For more investigation into the relation between facial features and human ethnicity, the Geodesic distance is also used in the third scenario as a feature extraction to calculate the distances between the interest points on the facial mesh. Specific landmarks have been assigned to the HeadSpace 3D scans using a deep learning-based pre-trained network [49] on BU-3DFE and DTU datasets. A Specific Matlab code is designed to map the landmarks indices with the vertices coordinates of the 3D mesh. The resulting landmarks on a HeadSpace sample are shown in Figure 10.

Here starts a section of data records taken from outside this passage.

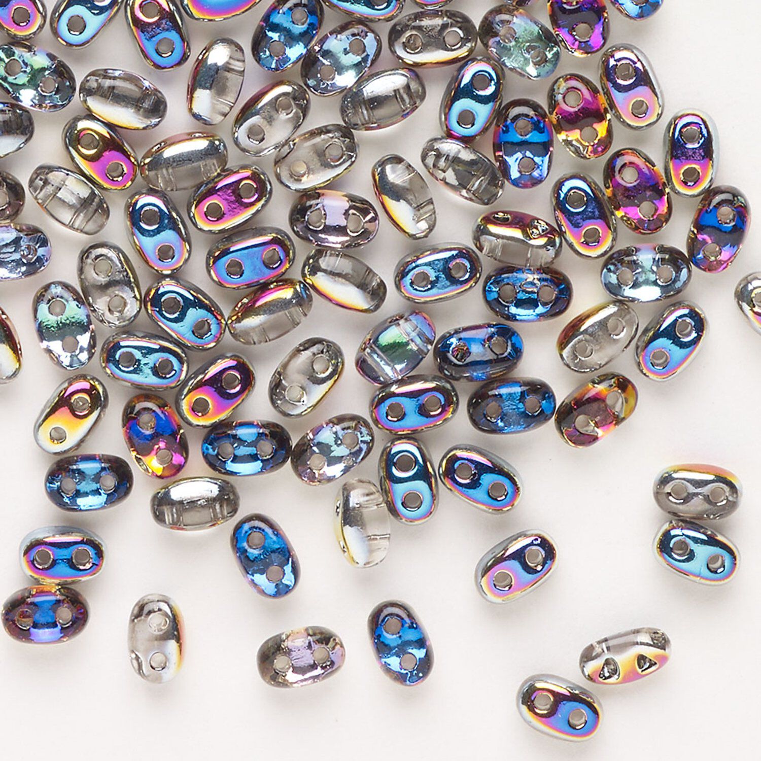 Seed bead, Preciosa Twin™ Pressed Twin Czech glass, pkg/200, 5x2.5mm oval, opaque iris silver, (15297).
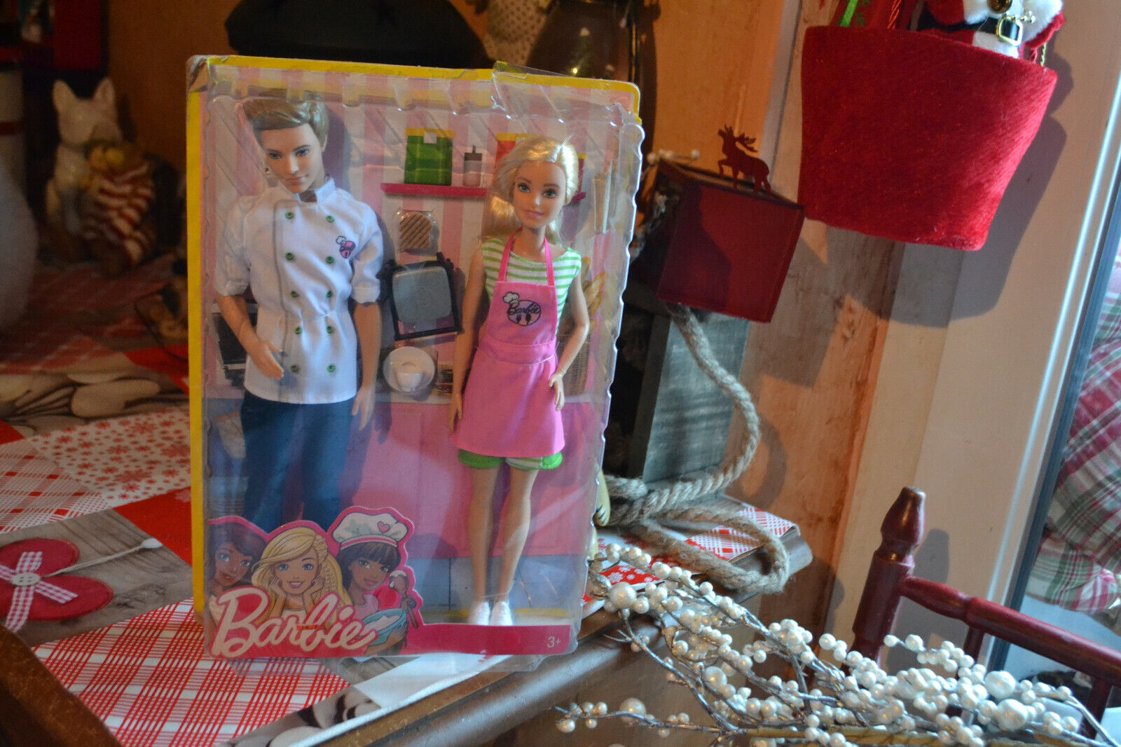 coffret neuf barbie et ken en tenue de cuisinier retrouver au grenier tres rare
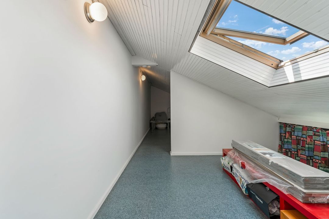 De praktische zolderruimte: ca. 14 m². Dankzij het aanwezige Velux-dakraam is er aangename lichtinval, waardoor deze ruimte uitstekend geschikt is als bergzolder, werkplek of hobbykamer. Ook uitbreiding naar een extra slaapkamer behoort tot de mogelijkheden.
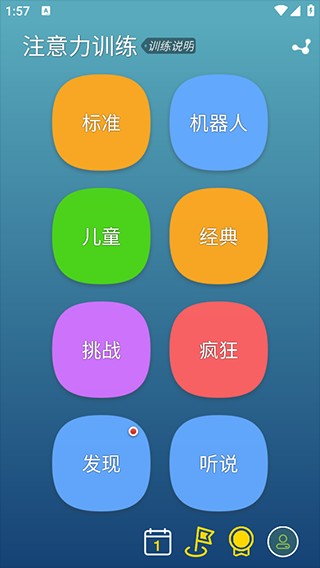 注意力训练应用为用户提供多种训练模式,帮助用户轻松提高专注力。下载安装后,用户可以探索丰富的培训方法和内容。他们不仅可以自由设定个人考试目标,还可以灵活安排培训时长。随着训练的继续,用户的周边视觉能力将逐渐增强。
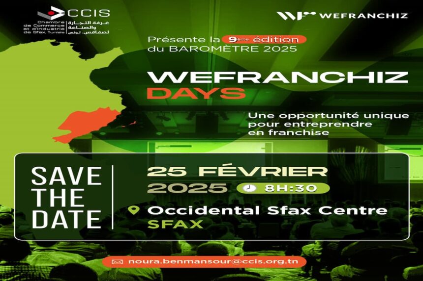 En partenariat avec WeFranchiz, la Chambre de Commerce et d’Industrie de Sfax (CCI Sfax), organise WeFranchiz Days. Cet évènement de la plus grande envergure se tiendra le 25 février 2025 à l’hôtel Occidental Sfax Centre.
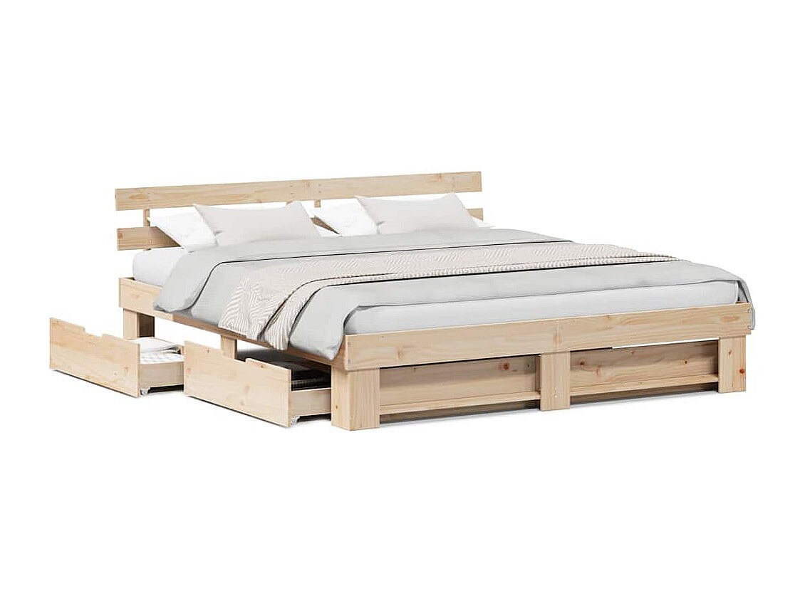 Bedframe met lade Bruin 200 x 200 cm Massief grenenhout

Figure 10. Landmarking the HeadSpace data

The Geodesic Distance allows extracting facial curvature information from 3D imagery efficiently while the principle facial curvatures remain unchanged as the surface rotates, translates, and changes in scales. Each curve-based descriptor represents the minimum Geodesic distance that separates the facial points i and j (the reference vertex and the end vertex on the facial surface) such as Dijkstra's algorithm or Fast Marching Method. A sample of extracting the Geodesic features globally from a Headspace facial mesh of (93829) vertex using the Fast Marching algorithm is shown in Figure 11. Similarly to the Dijkstra algorithm, Fast Marching [50] calculates the shortest paths on graphs. Using a gradient descent of the distance function D. These computations are done in a “mex” file to fasten the distance calculations. A distance map from multiple start points using an arbitrary isotropic metric is then created to compute geodesic paths from any point that joins the closest starting point. The calculated shortest geodesic distances finally allow extracting the information of the facial curvature (extracting the geodesic feature).

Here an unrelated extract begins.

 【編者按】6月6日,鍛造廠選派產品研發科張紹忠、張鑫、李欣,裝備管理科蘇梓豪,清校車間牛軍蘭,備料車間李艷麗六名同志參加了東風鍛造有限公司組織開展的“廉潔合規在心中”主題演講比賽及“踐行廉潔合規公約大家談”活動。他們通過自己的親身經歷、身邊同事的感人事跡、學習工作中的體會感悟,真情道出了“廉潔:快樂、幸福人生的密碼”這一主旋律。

A common approach to extracting the geodesic features is to compute local geodesic descriptors around the nose tip. The resulting geodesic features matrix then is represented with a suitable format for further analysis and next machine learning tasks according to the specific required task and the nature of the used data. The resulting geodesic features matrix usually has a high dimensionality and needs to be reduced in size to allow easier analysis and machine learning phase in the next steps of face recognition and classification systems.

Additionally, a local feature experiment is done to extract the SIFT features from a cropped local part of each facial scan. This knowledge-based selection of the mouth area as a local part was according to the conclusions of several existing related works. The classifier is then trained on these Mouth-SIFT features to predict the individual ethnicity.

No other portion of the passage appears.